LSU Colloquium on Artificial Intelligence Research and Optimization – Fall 22

Every first Wednesday of the month, at 3:00 pm Central Time

Some of today’s most visible and, indeed, remarkable achievements in artificial intelligence (AI) have come from advances in deep learning (DL). The formula for the success of DL has been compute power – artificial neural networks are a decades-old idea, but it was the use of powerful accelerators, mainly GPUs, that truly enabled DL to blossom into its current form.

As significant as the impacts of DL have been, there is a realization that current approaches are merely scratching the surface of what might be possible and that researchers could more rapidly conduct exploratory research on ever larger and more complex systems – if only more compute power could be effectively applied.

There are three emerging trends that, if properly harnessed, could enable such a boost in compute power applied to AI, thereby paving the way for major advances in AI capabilities. 

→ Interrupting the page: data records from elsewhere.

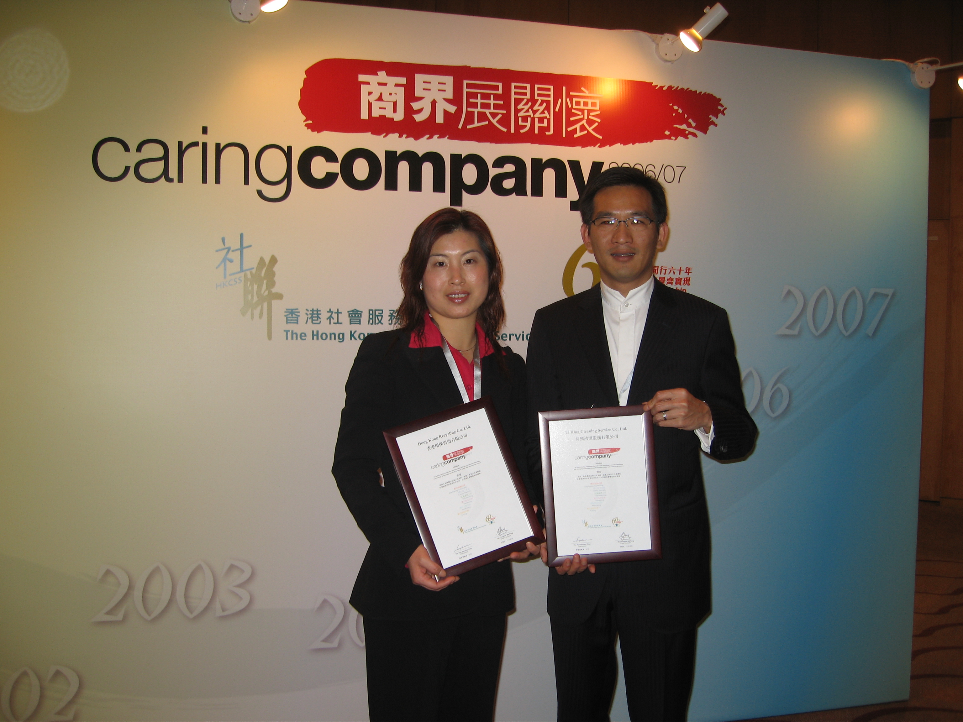 繼05-06年度後,利興清潔及香港環保兩所有限公司,再度雙雙榮獲香港社會服務聯會(社聯)所頒發之「商界展關懷06'-07'」標誌,以表揚其過去在社會福利服務及發展上所付出之貢獻。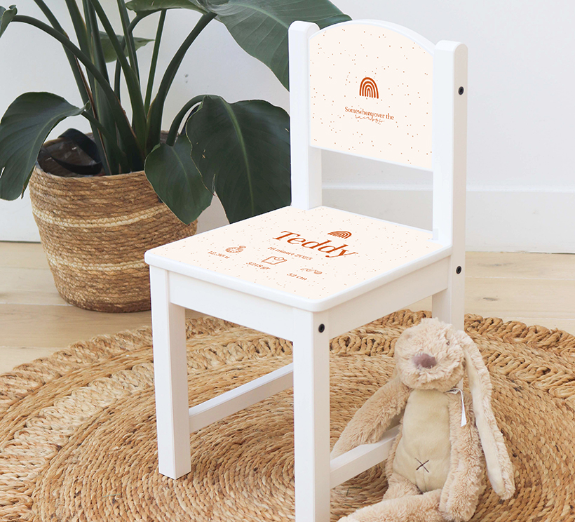 Twee hippe glanzende stickers die geplakt kunnen worden op het Sundvik stoeltje van Ikea. De stickers hebben een lichte achtergrond met roestkleurige stippen. Op de linker sticker, die geplakt kan worden op het zitvlak van het stoeltje, zijn de geboortegegevens van jullie kleintje te zien. Op de rechter sticker, die geplakt kan worden op de rugleuning van het stoeltje, zijn een regenboog en een quote te zien. De stickers zijn helemaal naar wens aan te passen in onze online editor en zijn eenvoudig op het stoeltje te plakken. Het stoeltje wordt niet meegeleverd.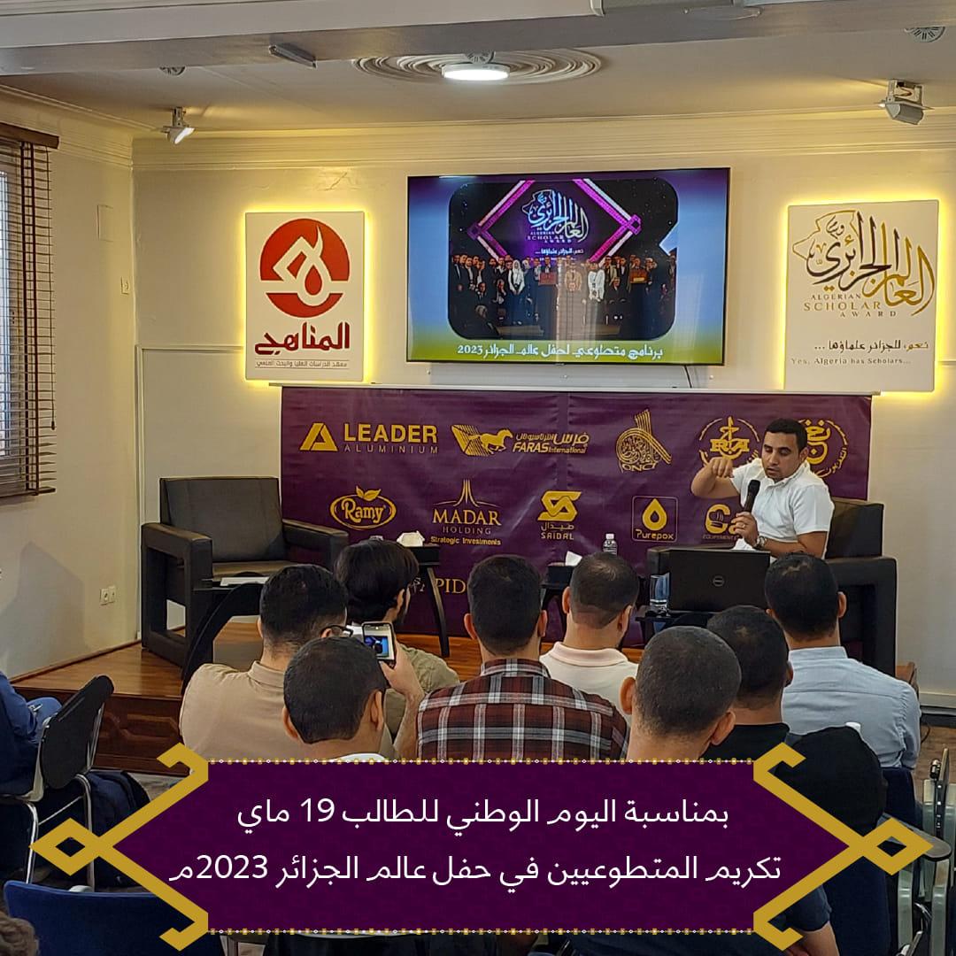 بمناسبة #اليوم_الوطني_للطالب 19 ماي، نظّمت مؤسسة وسام العالم الجزائري برنامجا تكريميا للمتطوّعين في تنظيم حفل تكريم عالم الجزائري في طبعته الرابعة عشر 2023، بقاعة المحاضرات لمعهد المناهج

  • Optimization algorithms based on higher-order derivatives are well-established numerical methods, offering superior convergence characteristics and inherently exposing more opportunities for scalable parallel performance than first-order methods commonly applied today. Despite their potential advantages, these algorithms have not yet found their way into mainstream AI applications, as they require significantly more powerful computational resources and must manage significantly larger amounts of data.
  • High-performance computing (HPC) brings more compute power to bear via parallel programming techniques and large-scale hardware clusters and will be required to satisfy the resource requirements of higher-order methods. That DL is not currently taking advantage of HPC resources is not due to lack of imagination or lack of initiative in the community.  Rather, matching the needs of DL systems with the capabilities of HPC platforms presents significant challenges that can only be met by coordinated advances across multiple disciplines.
  • Hardware architecture advances continue apace, with diversification and specialization increasingly being seen as a critical mechanism for increased performance. Cyberinfrastructure (CI) and runtime systems that insulate users from hardware changes, coupled with tools that support performance evaluation and adaptive optimization of AI applications, are increasingly important to achieving high user productivity, code portability, and application performance.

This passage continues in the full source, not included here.